Our initial findings showed we could reduce Dolt database disk space usage by about 50% with this approach. A new storage format was announced last year, and honestly we don't think anyone has been using it. Turns out that while it sounds like storing all of your history is expensive, storage is cheap. We do think it's a better format though, for reason that go beyond the the space saved, so the last few months I've been working on all the pieces needed to make it the default storage format.

We have quietly added features such as the ability to push databases with the Archive format to DoltHub, and the ability to pull incremental changes from a remote server when Archives are in the mix. The path to making this the default storage format is straightforward from here. We just wanted to do some testing of our dictionary creation strategies before pulling the trigger.

Dictionary Creation

zStd compression is greatly improved with the use of dictionaries. Dictionaries are created using a representative sample of the data you want to compress, and it works well when you have many small (under a megabyte) data blocks to compress. Dolt's Chunks are typically 4K in size, so they are a great fit for this approach.

A critical piece in the process is creating a good dictionary. When we first announced the Archive format, we implemented two different dictionary creation strategies:

  1. Take a random sample of 1000 chunks in the dataset and use them to create a dictionary. This approach produces a decent dictionary, resulting in approximately 30% improvement over Snappy compression in a small set of repositories. This was the default behavior for the dolt archive command.
  2. Using the Dolt history graph, we group related chunks together and create dictionaries specifically for each group. This resulted in thousands of groups each with a dictionary, and the resulting compression was even better - on the order of ~50% improvement over Snappy compression. To be clear, that's storing the same amount of information in 1/2 the space. Not too shabby! This was achieved by executing the dolt archive --group-chunks command.

Recently we added a third option which is available, though invisible, to the user. When fetching changes from a server or during garbage collection, we always create some type of storage file for the data. When writing Snappy objects, we simply stream chunks to disk since each chunk is compressed into a single byte string. For zStd, it's more complex as each chunk requires two byte arrays: a dictionary and the data. When streaming chunks to disk though, we don't start with a dictionary and we need to create the dictionary before we can write anything to disk. To address this, we create a dictionary from the first 1000 chunks we see. Once we have that dictionary created, we can stream chunks to disk just like we do for Snappy. This feature isn't documented yet but can be enabled via an environment variable. Once we're confident in the feature's stability, we'll make it more discoverable and easier to enable.

To recap, we have three different dictionary creation strategies:

  1. Random sample of 1000 chunks
  2. Multiple dictionaries with grouped chunks
  3. First 1000 chunks

Let's Test

The new third option gave better compression than Snappy with brief testing, but I didn't know how much better. I tried it on a couple repositories, and it wasn't worse. For a long time I've wanted to test the compression improvements or Archives on a larger set of databases. So that's what I did.

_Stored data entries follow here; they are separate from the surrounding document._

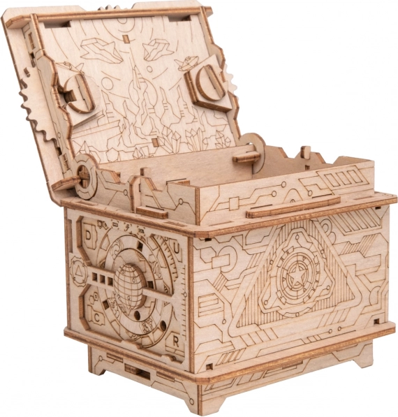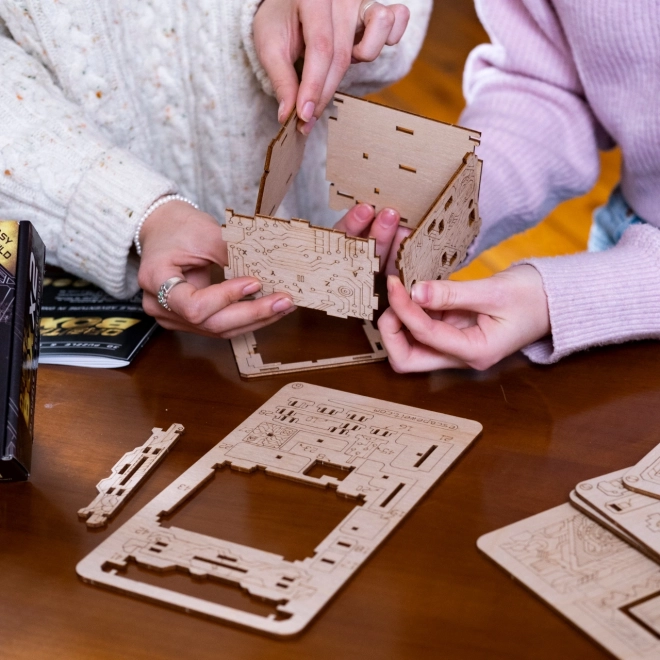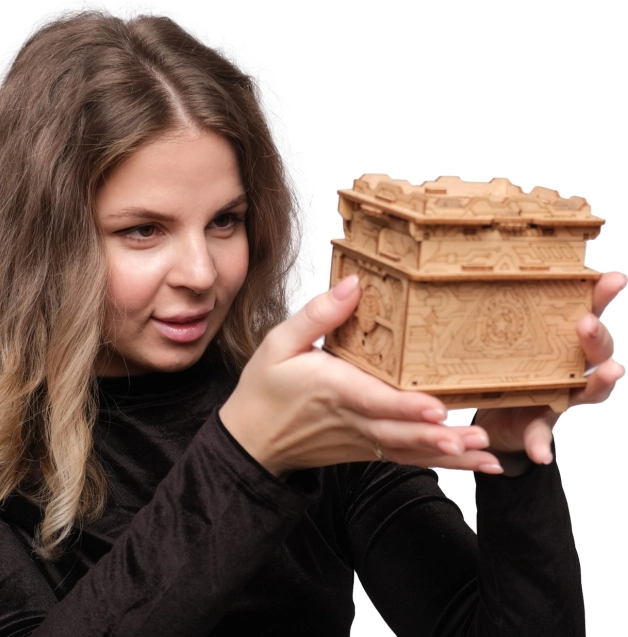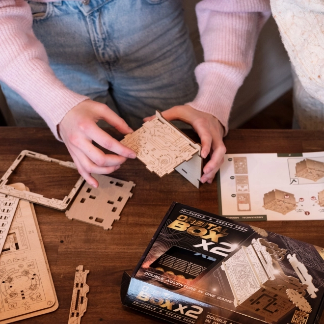 Træd ind i hjemmets escape game-univers med ESCAPEWELT ORBITAL BOX. Takket være præcise laserudskæringer og en overskuelig, illustreret vejledning samler du æsken sikkert uden lim og værktøj. Efter samlingen venter en række smarte mekanismer, symboler og kombinationer, som du skal knække for at låse op for den skjulte rumdel.
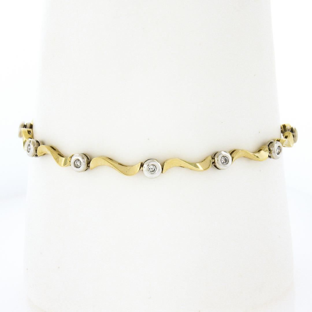 A solid 14k yellow & white gold link bracelet, with 11 round cut natural diamonds (H/I - I1/I2 ; 0.25ctw). It weighs a total of 5.66 grams, measures 4mm wide, and measures 7 inches in length.
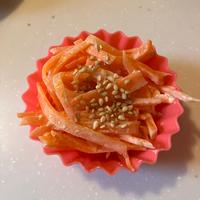 - 1 にんじんは長さ5cmほどの細切りにします。
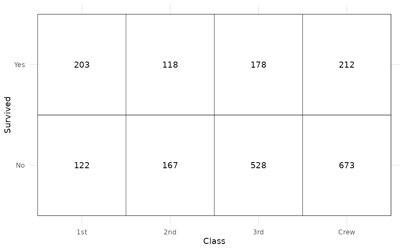 aes(x = Class, y = Survived, weight = Freq) +
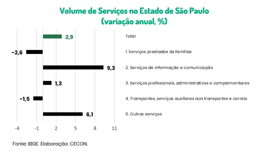 Os destaques ficaram para os setores de serviços de informação e comunicação (+9,3%) e de serviços prestados às famílias (-2,6%).

Thankfully DoltHub happens to have a lot of databases. I grabbed the list of public databases which weren't forks of other databases and were more than 100MB in size. I ended up with 170 databases, and I set out to test them in the following way:

  1. Run dolt gc (baseline)
  2. Run dolt gc with the new "First 1000 Chunks" dictionary creation strategy (in development)
  3. Run dolt archive to test the Random Sample dictionary creation strategy.
  4. Run dolt archive --group-chunks to test the History Graph for Chunk Grouping dictionary creation strategy.

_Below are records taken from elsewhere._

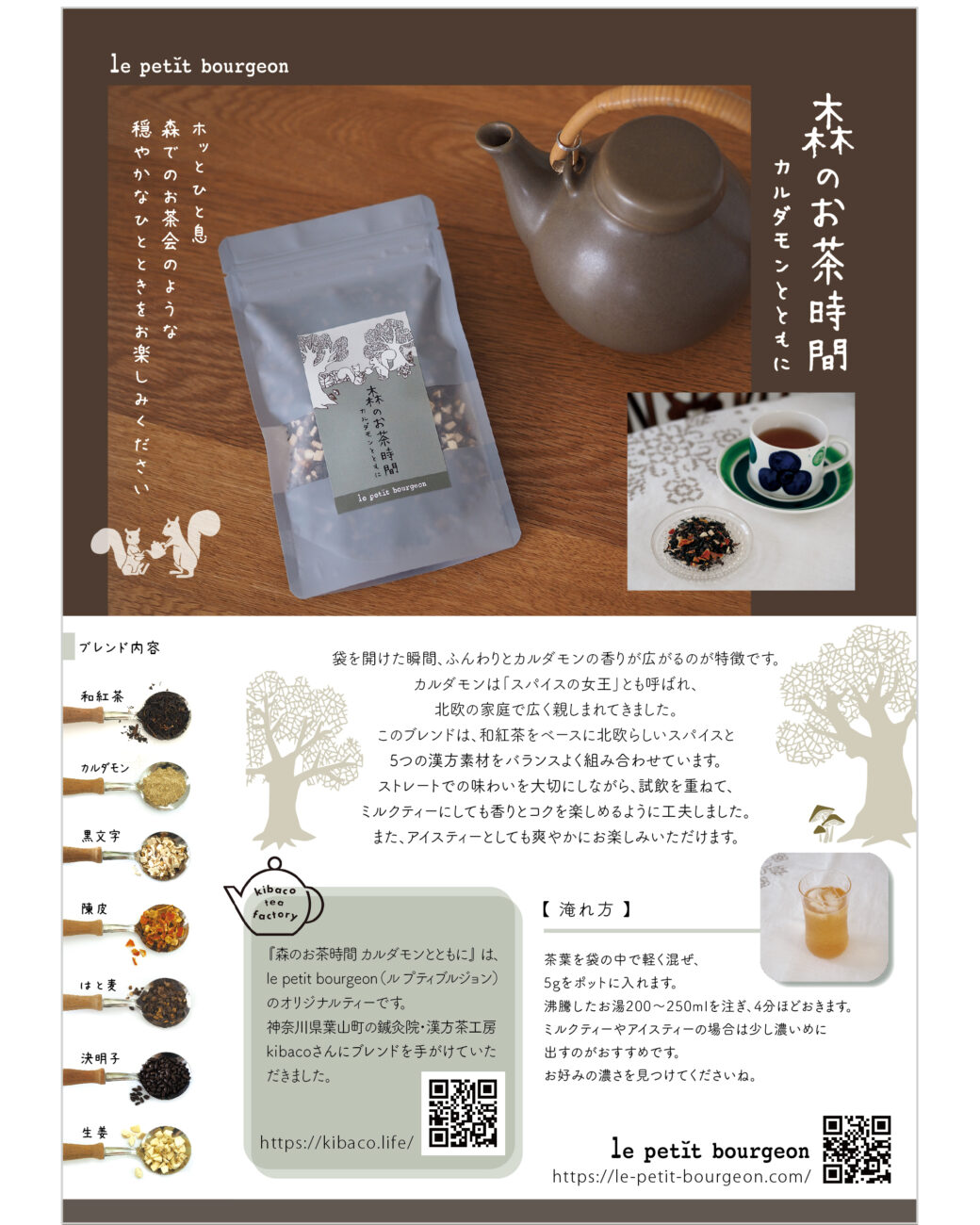 「森のお茶時間 カルダモンとともに」は和紅茶をベースに、北欧で親しまれているスパイス・カルダモンをきかせ、そして5種類の漢方素材を贅沢にブレンドしました。心にやさしく寄り添う一杯として、ゆったりとしたお茶時間を楽しんでいただけますように。
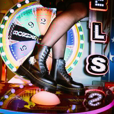 新作では、ハローキティをはじめリトルツインスターズやけろけろけろっぴ、マイメロディ、バッドばつ丸、ポムポムプリン、シナモンロールといったサンリオキャラクターのグラフィックを落とし込んだフットウェア4種をラインナップ。サイドとヒールにキャラクターのグラフィックを落とし込んだ8ホールブーツ(2万8000円)や厚底8ホールブーツ(3万2000円)、キャラクターを総柄であしらった3ホールシューズ(2万5000円)とジュニア8ホールブーツ(1万4000円/いずれも税別)が揃う。いずれのアイテムにも2種類のシューレースとハローキティの赤いリボンモチーフのチャームが付属する。
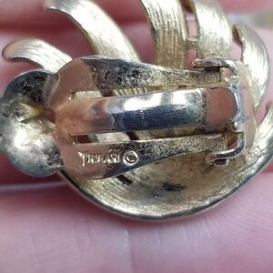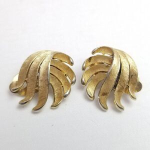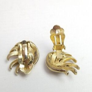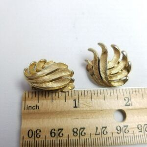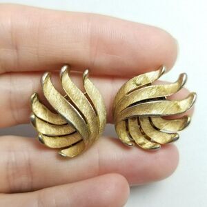 Vintage Crown Trifari Gold Tone Wave Shape Clip On Earrings, Retro Estate Signed
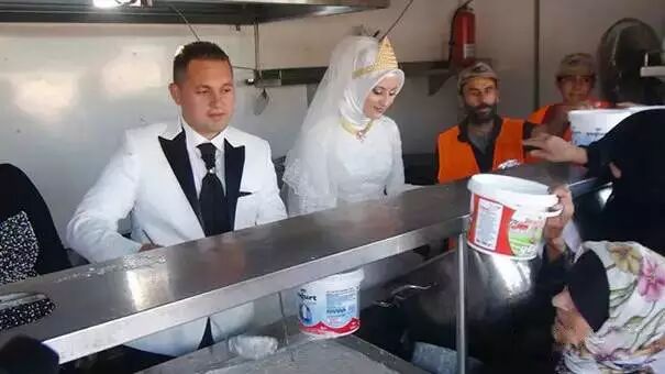 3、一对土耳其新婚夫妇,用他们的婚宴,为4000位难民提供了一顿可口的饭。
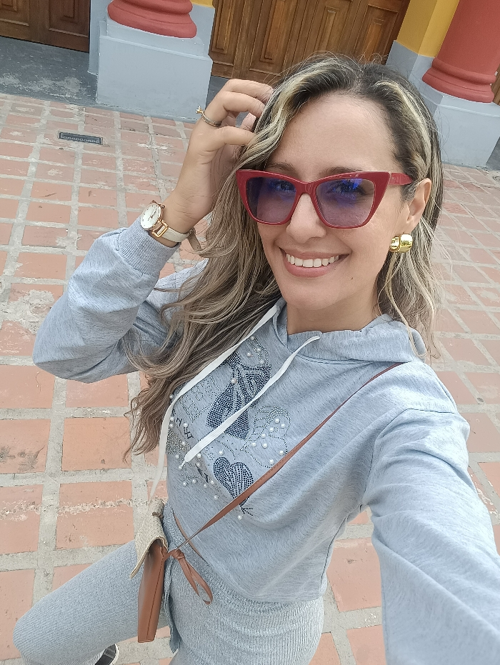 A woman poses for a selfie outdoors, wearing a grey hooded sweatshirt and matching pants. The sweatshirt has decorative pearls and blue patterns. She accessorizes with red sunglasses, gold hoop earrings, and a watch. A small brown purse hangs across her body. She smiles, running her hand through her highlighted hair. The background includes a building with colorful columns and a brick-paved area.

Runs (2), (3), and (4) were all compared to run (1), resulting in the following, where the percentage is the percentage reduction in size compared to the baseline:

First 1000 Chunks 1000 Random Chunks Grouped Chunks
Avg 24.73% 35.44% 38.87%
StdDev 10.32% 9.05% 11.55%
Max 47.44% 62.46% 74.80%
Min -3.11% -0.28% -0.27%

Or in a chart, if you're into that sort of thing:

Results

What Does This Mean?

First, it indicates that my claim that we would get 50% compression on most repositories was wrong. Frankly, it was my selection bias. It's worth calling out that the three databases I used to justify that claim (and use during development) are all in the high end of the compression spectrum. I selected them because they have long histories, and I could test the grouping of chunks easily. As I mentioned above, testing archives on a larger group of databases was always the plan, but time hadn't allowed me to do it. It wouldn't be a legitimate experiment if I knew how it would turn out. When I look at some of the worst performing databases, they all have very short histories - under 10 commits. Some were dumps of large databases into a single commit.

On the other side of the coin, the goal was to ensure that we could store a lot of history efficiently. Maybe it is the case that we can't compress flat histories much at all. We are at the mercy of the compression libraries at that point. To back this up, it's interesting to notice that in general grouping chunks was not particularly much better on average than the random sample. Of the 170 databases I tested, 79 of them had 0 groups - so they fell back to the random sample strategy. Not all is lost though, as we can see that the set of databases with the best compression were using the grouped chunks strategy.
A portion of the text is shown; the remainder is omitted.